### EXERCISE INSTRUCTIONS:
Reproduction of part of the material below, pictures omitted: copy exactly, and only, the lines starting with the one with "Pink Floral Highland Cow Wreath Bamboo Socks" and going on through the one with "dalam sambutan pembukaannya.".

### INFORMATION SHOWN:
□ □ □ □

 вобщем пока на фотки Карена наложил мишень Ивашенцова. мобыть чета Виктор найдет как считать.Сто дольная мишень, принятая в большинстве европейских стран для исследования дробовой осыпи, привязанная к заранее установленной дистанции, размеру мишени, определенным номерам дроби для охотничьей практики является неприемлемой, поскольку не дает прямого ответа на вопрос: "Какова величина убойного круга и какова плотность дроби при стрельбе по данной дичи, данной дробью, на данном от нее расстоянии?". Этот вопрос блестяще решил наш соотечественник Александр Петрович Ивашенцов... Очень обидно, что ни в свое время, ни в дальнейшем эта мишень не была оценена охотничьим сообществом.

□ □ □ □

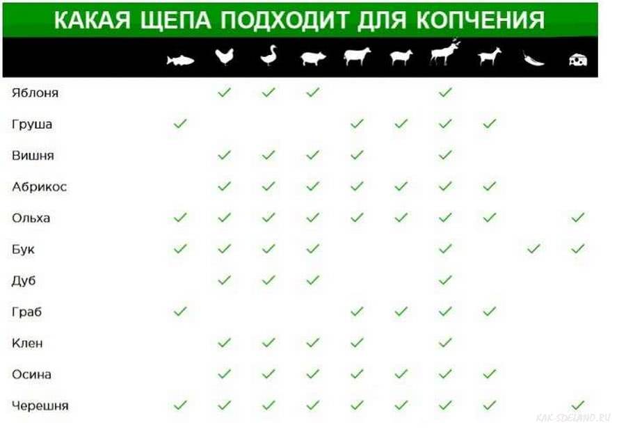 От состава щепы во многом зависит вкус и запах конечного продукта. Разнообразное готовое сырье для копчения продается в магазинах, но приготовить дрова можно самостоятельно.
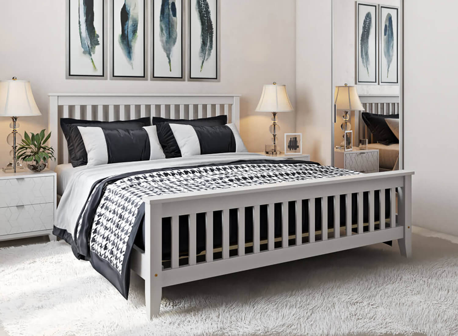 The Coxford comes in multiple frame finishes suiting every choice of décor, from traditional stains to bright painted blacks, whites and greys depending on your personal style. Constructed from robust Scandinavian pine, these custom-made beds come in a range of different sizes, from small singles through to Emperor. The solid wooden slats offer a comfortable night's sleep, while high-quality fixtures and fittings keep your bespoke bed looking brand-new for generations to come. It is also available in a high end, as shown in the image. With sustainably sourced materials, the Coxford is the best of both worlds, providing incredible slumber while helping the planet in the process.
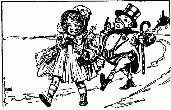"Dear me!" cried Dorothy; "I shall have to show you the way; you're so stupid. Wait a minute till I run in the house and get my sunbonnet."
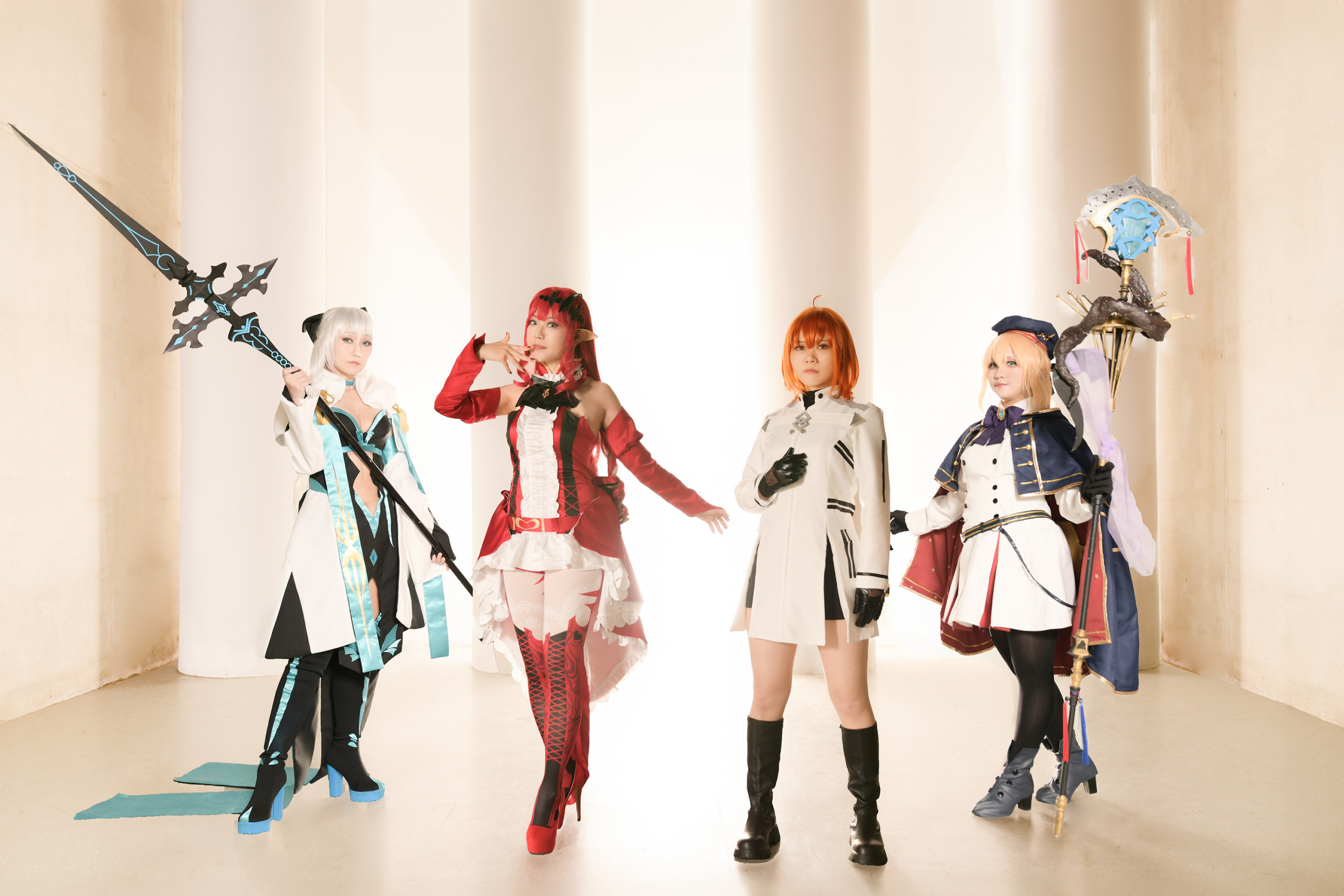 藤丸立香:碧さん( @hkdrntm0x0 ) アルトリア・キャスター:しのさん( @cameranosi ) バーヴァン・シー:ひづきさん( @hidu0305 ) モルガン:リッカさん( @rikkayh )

□ □ □ □

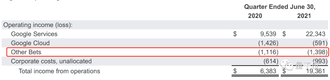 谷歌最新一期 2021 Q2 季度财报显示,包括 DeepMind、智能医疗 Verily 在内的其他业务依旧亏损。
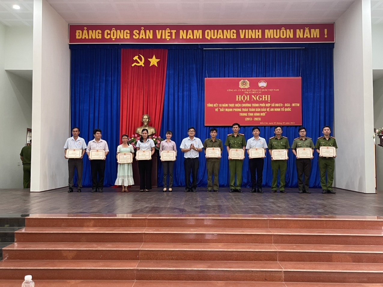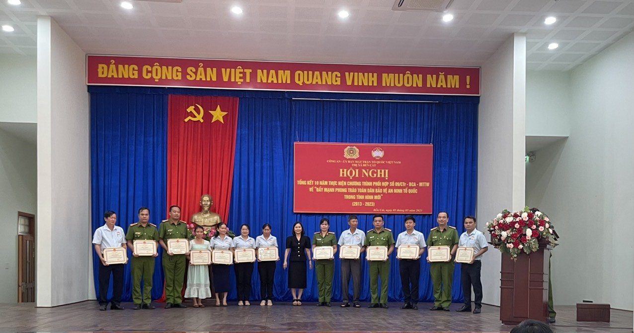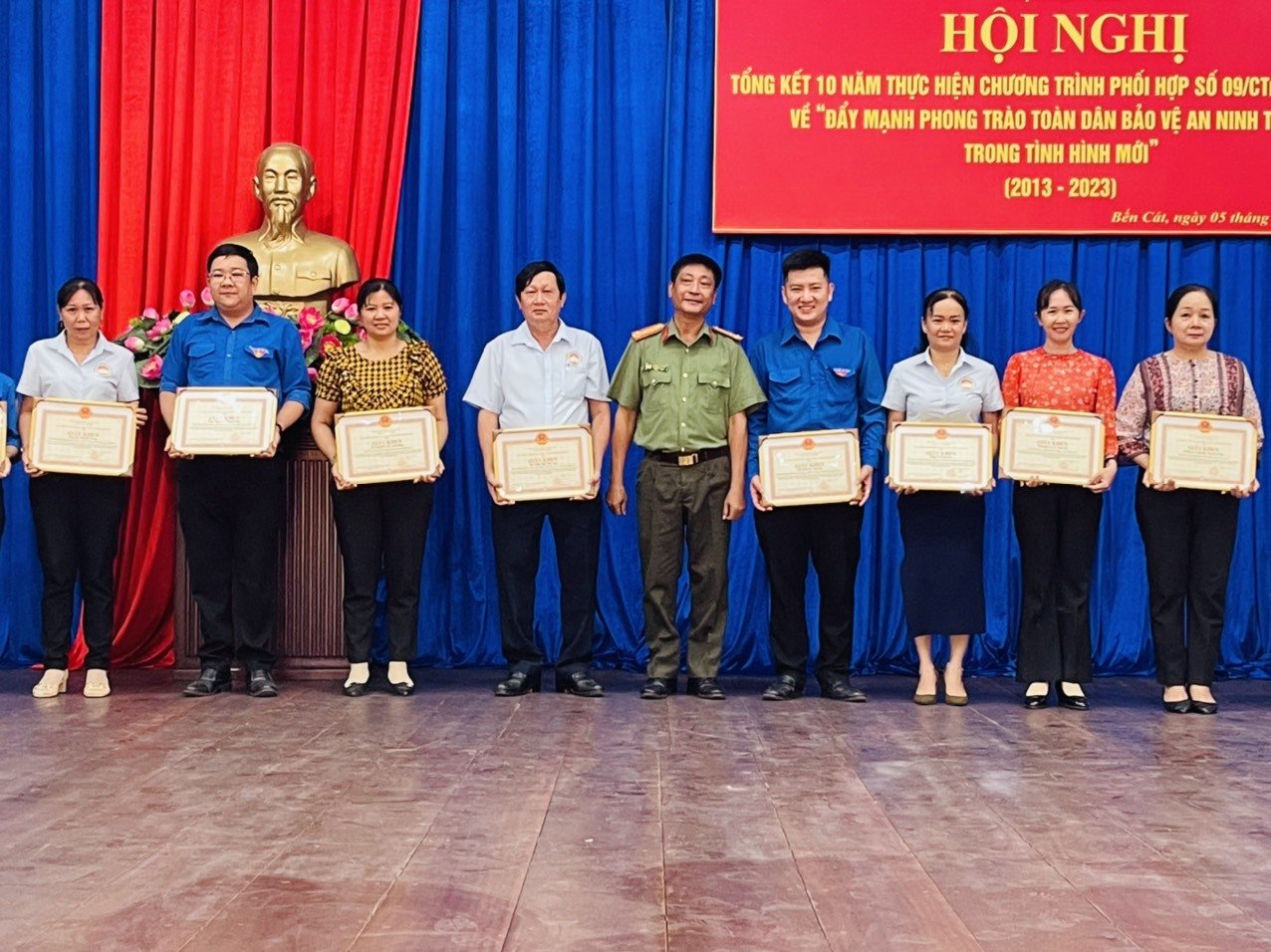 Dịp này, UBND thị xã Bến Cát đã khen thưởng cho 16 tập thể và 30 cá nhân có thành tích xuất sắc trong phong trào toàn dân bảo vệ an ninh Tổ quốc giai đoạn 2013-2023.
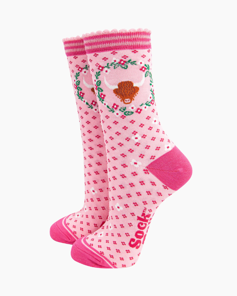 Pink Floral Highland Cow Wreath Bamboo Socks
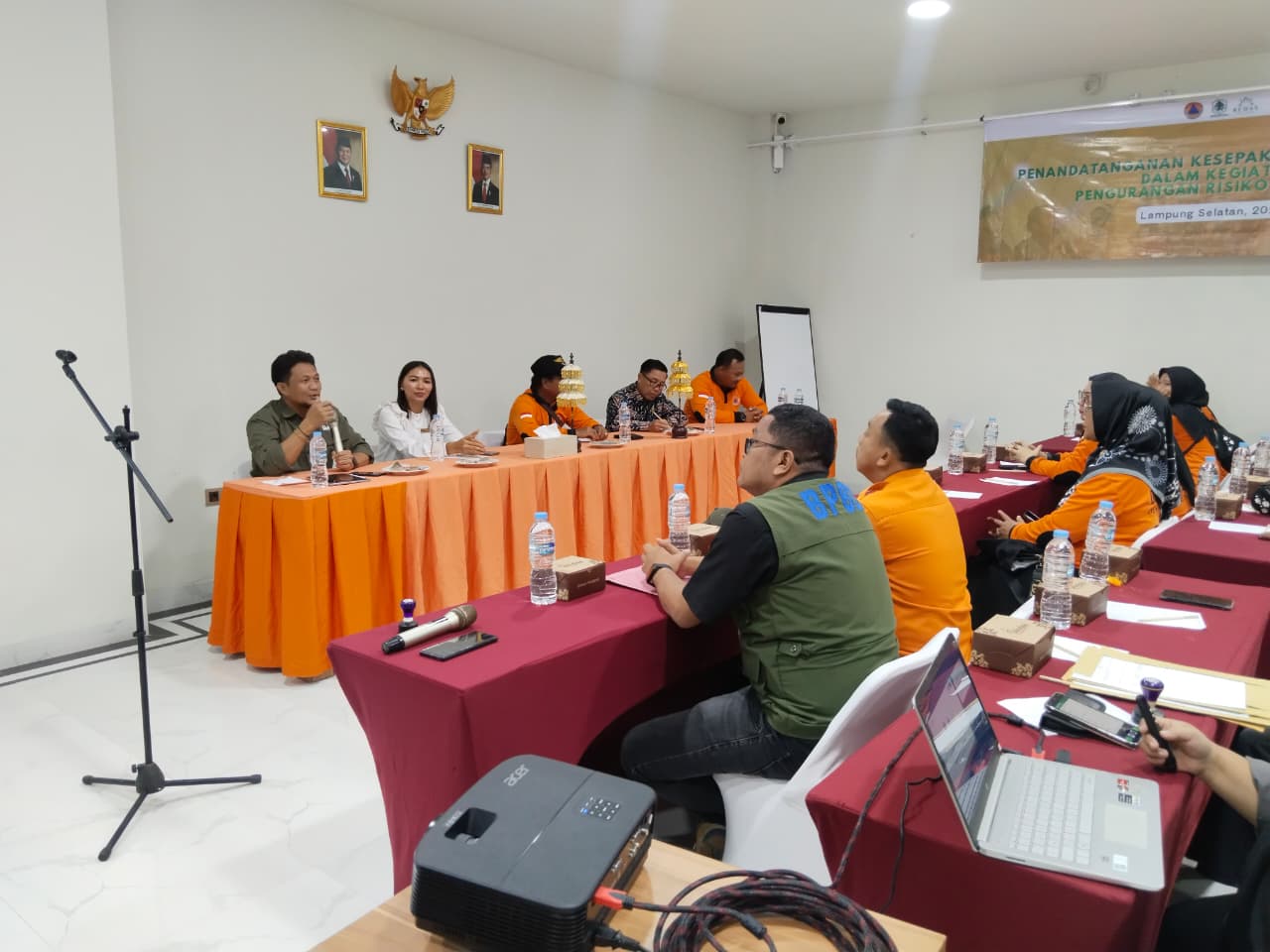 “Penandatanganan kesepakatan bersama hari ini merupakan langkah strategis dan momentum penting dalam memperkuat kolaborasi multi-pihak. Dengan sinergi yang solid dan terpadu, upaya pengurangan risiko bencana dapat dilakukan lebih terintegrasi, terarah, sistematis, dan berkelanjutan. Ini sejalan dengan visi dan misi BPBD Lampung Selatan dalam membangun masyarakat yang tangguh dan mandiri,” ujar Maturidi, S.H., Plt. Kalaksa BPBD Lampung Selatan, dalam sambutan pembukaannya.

□ □ □ □

### EXERCISE OUTPUT:
 Pink Floral Highland Cow Wreath Bamboo Socks
 “Penandatanganan kesepakatan bersama hari ini merupakan langkah strategis dan momentum penting dalam memperkuat kolaborasi multi-pihak. Dengan sinergi yang solid dan terpadu, upaya pengurangan risiko bencana dapat dilakukan lebih terintegrasi, terarah, sistematis, dan berkelanjutan. Ini sejalan dengan visi dan misi BPBD Lampung Selatan dalam membangun masyarakat yang tangguh dan mandiri,” ujar Maturidi, S.H., Plt. Kalaksa BPBD Lampung Selatan, dalam sambutan pembukaannya.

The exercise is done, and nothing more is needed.